The default shell prompt PS> indicates that you are in the interactive mode. To start PersephoneShell in the interactive mode, call the script psh without extra parameters.
ubuntu2@P5:~/bin/psh$ ./psh
PersephoneShell. Version Built on Apr 09, 2023 18:04
Copyright (C) 2014-2023 Persephone Software, LLC.
$DATA variable is set to '/home/ubuntu2/bin/psh/data/'
PS>
Tip
In the interactive mode, use the up and down arrows on your keyboard to scroll through your command history.
Running PersephoneShell on Mac OS and Linux Computers
You can run PersephoneShell on Linux or Mac OS X computers by installing the Mono framework (note, the Docker image has it preinstalled). Click the appropriate link below to learn more about the Mono framework and how to install it on your machine.
- Linux: http://www.mono-project.com/docs/about-mono/supported-platforms/linux/
- Mac OS X: http://www.mono-project.com/docs/about-mono/supported-platforms/osx/
Mono framework runs any executable file (*.exe) compiled in the .NET/Mono framework as shown below.
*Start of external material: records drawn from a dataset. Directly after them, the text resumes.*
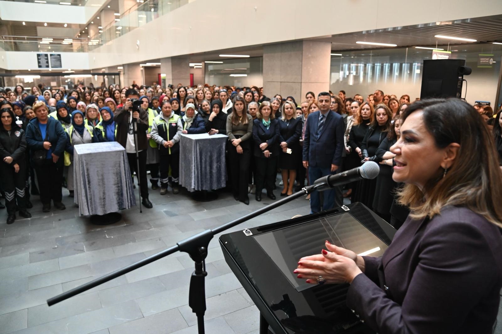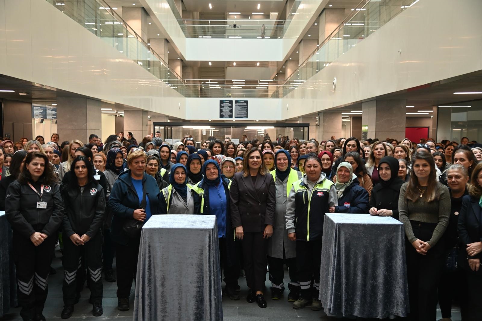 “Bu dünyada aslında her yer kadının emeğiyle şekilleniyor. Bu toplumun temeli kadınlardır. Sizler de Büyükşehir Belediyesi’nin temelini oluşturan değerli çalışanlarsınız. Kadının elinin değdiği her yer değişir, güzelleşir. Kadının olduğu her yerde emek, adalet, barış, eşitlik ve demokrasi vardır.” dedi.
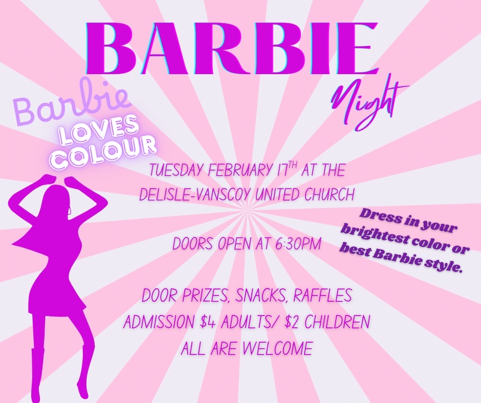 Delisle Vanscoy United Church invites you to our annual Barbie Night! Join us for games, treats, prizes, and an opportunity to shop for outfits for all of your Barbies. This beloved event has been running in the community for over 20 years!
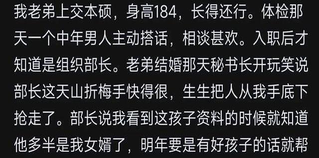 网友@小城生活说:县城的选秀大会是真的,公务员、医生报到那天,领导们都像挑白菜似的,优质资源早被抢没了。
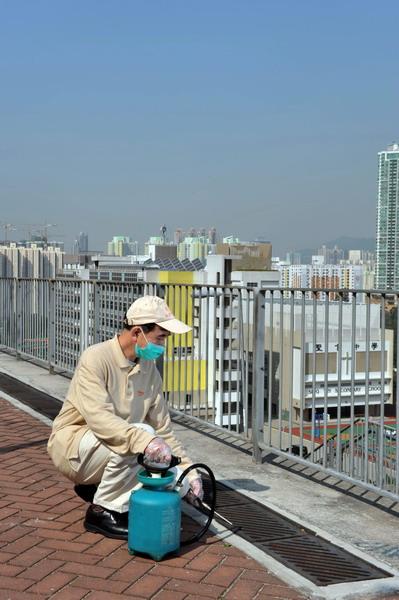 Pest control staff sprays larvicidal oil at gullies to control mosquito breeding. |
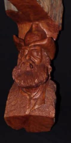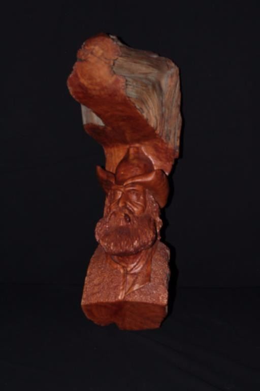 Carved wood figure of man with a cigar and signed “Bob Lundy 1984”. Measures 22”. Well known carver. Est.: $100-$300
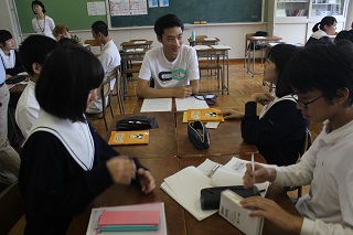 その後、本校教員が現代社会において中国語学ぶことの大切さなどを話しました。生徒たちは生き生きした目線で留学生から中国語を学んでいました。
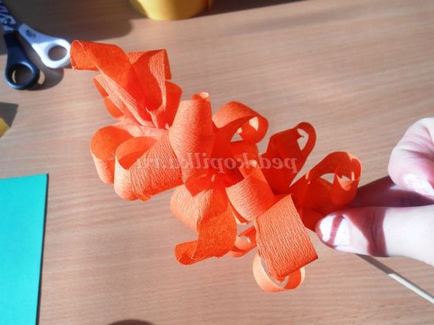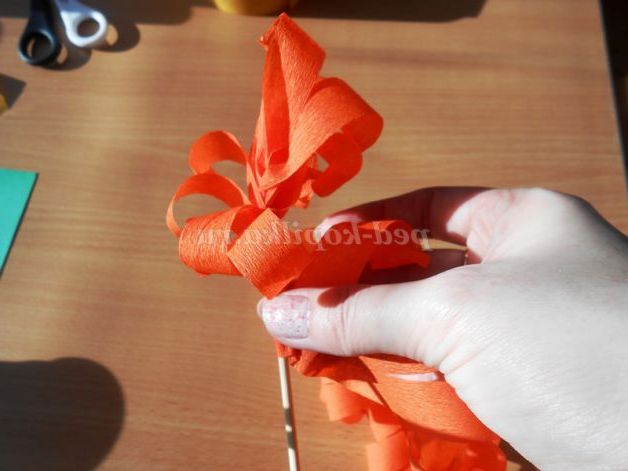 І починаємо акуратно намотувати нашу стрічку з завитків на шпажку, закріпивши верхівку квітки скотчем. Не забуваємо акуратно розправляти наші завиточки
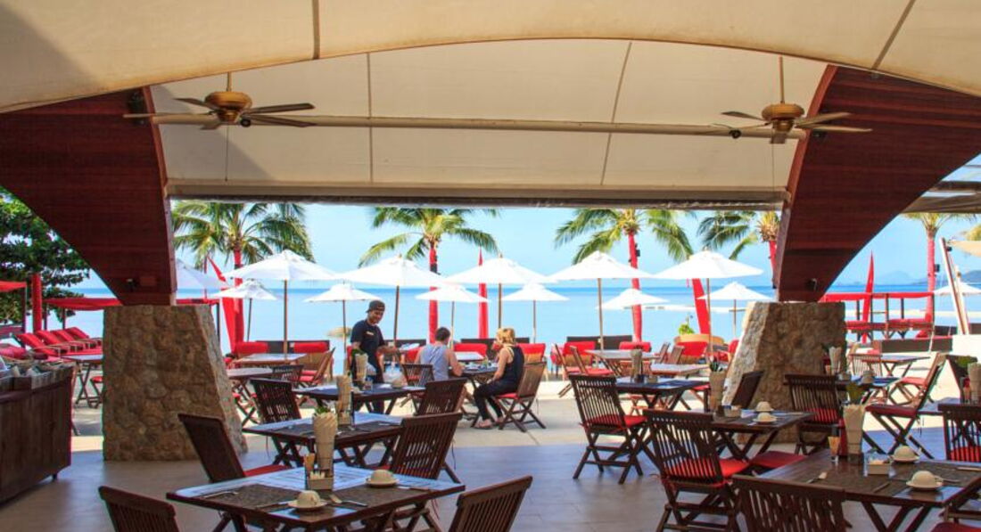 Завтраков в отеле нет, но поесть можно в ресторане около басейна и пляжа. Как таковой территории у отеля нет, дорожка от корпуса и вилл до пляжно-бассейной зоны.
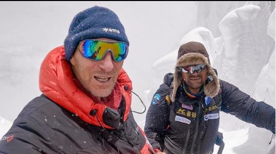 라조가 김홍빈 대장과 찍은 사진. 촬영 10분 뒤 김 대장이 절벽 밑으로 추락했다. [데스존프리라이드 인스타그램 캡처]
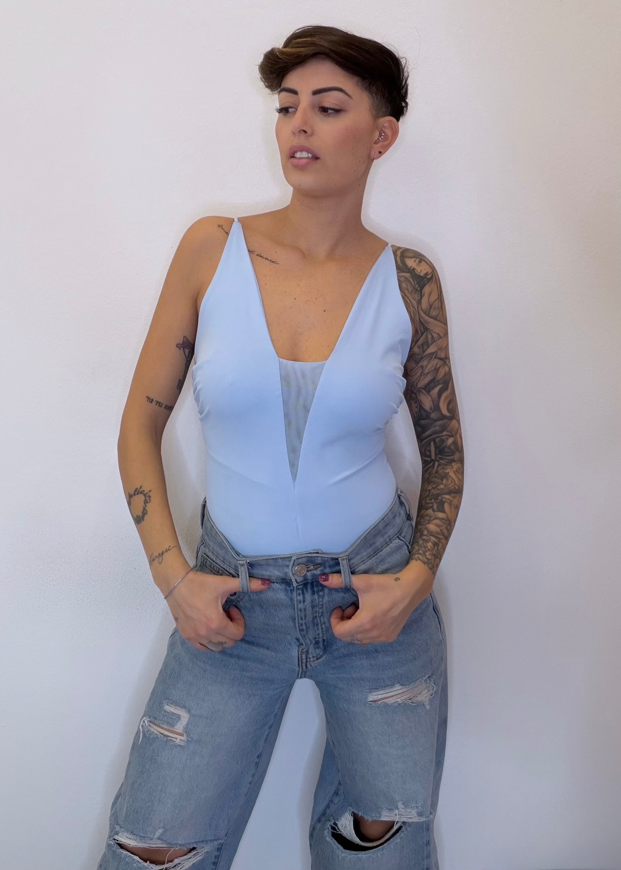Body V in trasparenza - azzurro
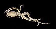Female tuberculate pelagic octopuses are known to have a high fecundity, producing nearly 100,000 eggs. One female specimen caught in May 2003 had a record-breaking 1 million eggs, the most of any Octopoda.[5] Egg size is typically very small, measuring 1.75 mm long and 1.00 mm wide.[4] This has been seen as a trend in other pelagic octopus species. Tuberculate pelagic octopuses is said to be viviparous, meaning their offspring develop with in the body of the parent.[4] However, several different authors dispute exactly how and where this development occurs. The general consensus is the eggs develop in expanded oviducts.[4] Fertilization occurs when the hectocotylus is deposited from the male in the female's mantle cavity.[4]
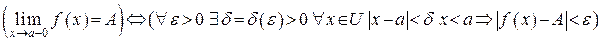 3.2. Левосторонний предел. Будем говорить, что функция имеет в точке предел слева, равный , если для любого числа найдется число такое, что для всех , удовлетворяющих условию и , выполняется неравенство и будем писать :
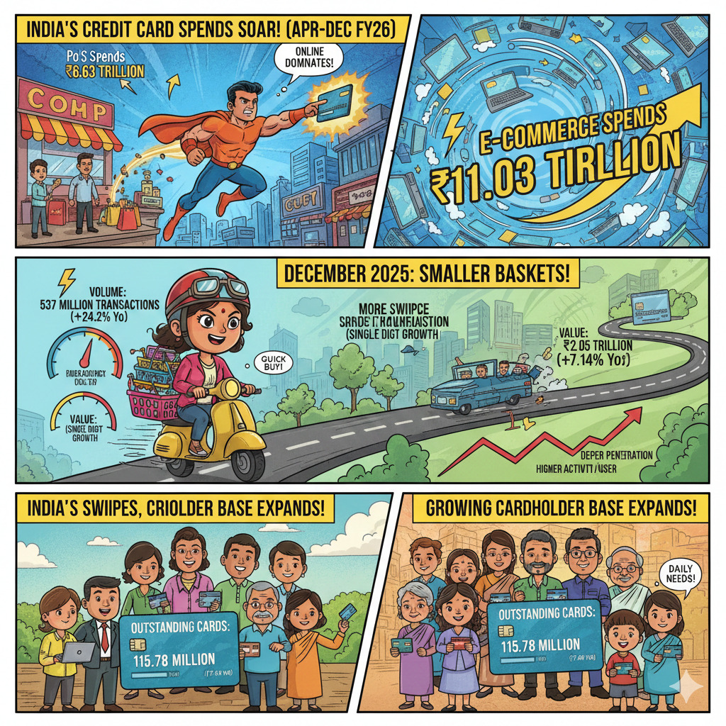 Credit card spending in India climbed 13.57% YoY to ₹17.65 trillion during April-December FY26, up from ₹15.54 trillion a year ago, as per a Business Standard report updated on January 27, 2026.

mono psh.exe -s <CONNECTION_STRING_NAME>
A sample script psh is included into the package. When using PersephoneShell on linux systems, the command 'mono psh.exe', needed to start the application, and the connection name can be placed into the script. In this case, we can use the same syntax when launching PersephoneShell under Windows or linux:
./psh
The script for starting PersephoneShell typically includes the connection name and has this form:
mono psh.exe -s prod "$@"
The pair of parameters '-s prod' specifies the connection name (prod) and the last parameter "$@" will pass all other arguments, such as commands for immediate execution, from the command line to the application.
Note
All the needed software packages are preinstalled in the Persephone Docker image. The shell script persephone.sh supplied with the Docker image will launch PersephoneShell as: ./persephone.sh psh. Note that the script uses bash command line interpreter. It should be installed on the host operating system. You can create a launching script psh that will look like this:
./persephone.sh psh "$@"
With this script, launching the application from outside Docker can be done with one word: psh. This will allow you to reuse the commands for running PersephoneShell examples from this documentation.